The market for capesize bulkers leapt forward on Wednesday, surprisingly undeterred by China’s celebration of Golden Week. The Baltic Exchange’s Capesize 5TC basket of spot-rate averages across five key routes jumped 13.8% on Wednesday to $21,175 per day, reaching its highest point since late July. “It’s surprising actually because spot volumes have been somewhat limited this week due to the holidays in the Far East,” Jefferies analyst Omar Nokta told TradeWinds. “It’s a good sign that we’re seeing these moves higher despite the holidays.”

Nokta was not the only market watcher who was surprised the capesize market performing better during Golden Week. “This is a little unexpected since a lot of the Far East is on holiday,” Alibra Shipping founder Giuseppe Rosano told TradeWinds. But the market may be benefitting from Russia sanctions adding tonne-miles to bulker trade routes and China implementing stimulus measures to get the economy moving again, he said. “Hence we are now seeing the stimulus measure coming into fruition,” said Rosano, whose firm is a UK broking house.

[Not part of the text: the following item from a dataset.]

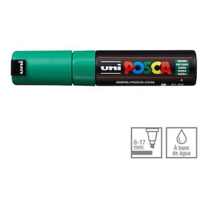 Caneta Posca Pc-8K Verde Ponta Bisel 8 A 17Mm Espessura do traço: 8mm. A 17mm A ponta larga do cinzel do pc-8k é perfeita para traçar curvas e cobrir grandes áreas. Características do produto - marcador multiuso. - à base de água. - cores vivas e intensas. - uso em papéis claros e escuros. - não tóxico. - espessura do traço: 8-17mm. - escreve aproximadamente 200 metros. Uso: Com sua ponta larga de cinzel, o pc-8k não só pode desenhar curvas claras com um efeito gráfico de caligrafia; também pode colorir áreas amplas. Disponível em uma enorme ampla variedade de cores, é ideal para cores planas, marcas de todos os tipos e, claro, criações de arte de rua e letras Destino O pc-8k permite que os artistas pintem e desenhem em qualquer superfície, em ambientes fechados ou ao ar livre; decoradores para dar reformas a quartos, móveis, objetos e tecidos; surfistas e skaters para decorar suas pranchas; profissionais para decorar vitrines. Eficiente Pode cobrir rapidamente grandes áreas. Preciso A ponta do cinzel permite movimentos controlados e refinados. Conveniente Ao contrário de uma caneta de feltro de ponta larga convencional, a ponta pode ser removida e lavada se ficar manchada ou seca. Económico Para uma vida de marcador ainda mais longa, a ponta também pode ser substituída por uma nova. Secagem rápida: após a aplicação, a secagem é ultrarrápida. Você só precisa de 1 a 2 minutos para ter a peça trabalhada com um acabamento perfeito e sem falhas Variedade de pontas: o marcador posca traz 8 níveis com variações de 0,7mm a 22mm de espessura. Tecnologia : os componentes das tintas dos marcadores posca são misturados através de uma interna, que proporciona à tinta uma textura homogênea e garante um acabamento de qualidade para a sua atividade. 100% cobertura: após aplicar a primeira cor, espera secar durante 1 minuto, e você já pode passar uma segunda cor por cima, sem manchar a que está embaixo, e com uma excelente cobertura sem falhas faça quantas camadas quiser quantos detalhes quiser, um por cima do outro Tampa: a tampa garante um fechamento hermético do marcador, assegurando uma excelente duração e conservação do produto. Todas as pontas dos marcadores posca são laváveis, reversíveis e posicionáveis. Como utilizar: mantenha o marcador com a tampa fechada e agite o produto por alguns segundos para que a tinta fique homogênea. Pressione a ponta sobre uma superfície lisa até a tinta preencher a ponta do marcador. Para manter o fluxo contínuo, basta bombear a ponta do marcador na superfície. Ganhe tempo, economize e otimize seus trabalhos Como usar Posca na mão Posca na mão pra tirar a ideia da cabeça. E, pra fazer a cor fluir, é só seguir os passos aqui do lado. Bora transformar o mundo com arte 1. Chacoalhe Chacoalhe a caneta por alguns segundos para que todos os pigmentos se misturem. 2. Destampe Destampe a caneta. Obs.: caso sua posca nunca tenha sido Utilizado, a ponta ainda estará sem tinta. Pode ficar tranquilo 3. Pressione Pressione repetidamente em um papel ou superfície descartável até que a tinta desça para a ponta. 4. Risque Risque alguns traços na superfície descartável para dosar a quantidade de tinta que deseja para sua arte. Ponta pincel Ah, temos uma exceção: a nossa caneta pcf-350. Por ter uma ponta pincel, colocamos um botão no topo para que fosse possível fazer a tinta descer sem estragar as cerdas. Pode ser que, durante o processo de criação, seja necessário pressionar mais algumas vezes no papel ou superfície descartável. Isso deixará a ponta sempre com tinta e garantirá traços mais uniformes. Possibilidades: · aquarelável · crie novas cores · faça camadas

Port congestion and low supply are also supporting higher spot rates, he said. The Baltic Exchange’s daily fixture information for Wednesday was not yet available. Capesize spot rates are rising, as expected, and may rally to $30,000 per day as seasonality approaches, said John Kartsonas, founder of asset manager Breakwave Advisors, which runs a dry-bulk exchange-traded fund. “There is more activity in the Atlantic basin for iron ore cargoes and given that due to the recent weakness not a lot of vessels were ballasting, the supply/demand balance has now tilted towards the owner’s favor,” he told Tradewinds. “Indeed, capesize rates are on the rise and it is also helping panamax rates to recover as well.”

The Panamax 5TC rose 4.5% on Tuesday to $19,847 per day. Kartsonas and Rosano kept to their bullish forecasts, though the falling forward freight agreement (FFA) market indicated lower physical rates in the months ahead. November contracts slid 6% on Wednesday to $16,643 per day, while December contracts declined 5% to $15,214 per day and those for January lost 3.3% to land at $9,236 per day. The February numbers came in even lower, falling 2.6% to $6,450 per day. “It takes time to feed through,” Rosano said. “This industry is very fickle.” The futures market is very unpredictable and changes quickly and often, Kartsonas said. “FFA is a sentiment driven market,” he said. “People are cautious cause the whole world is messy.”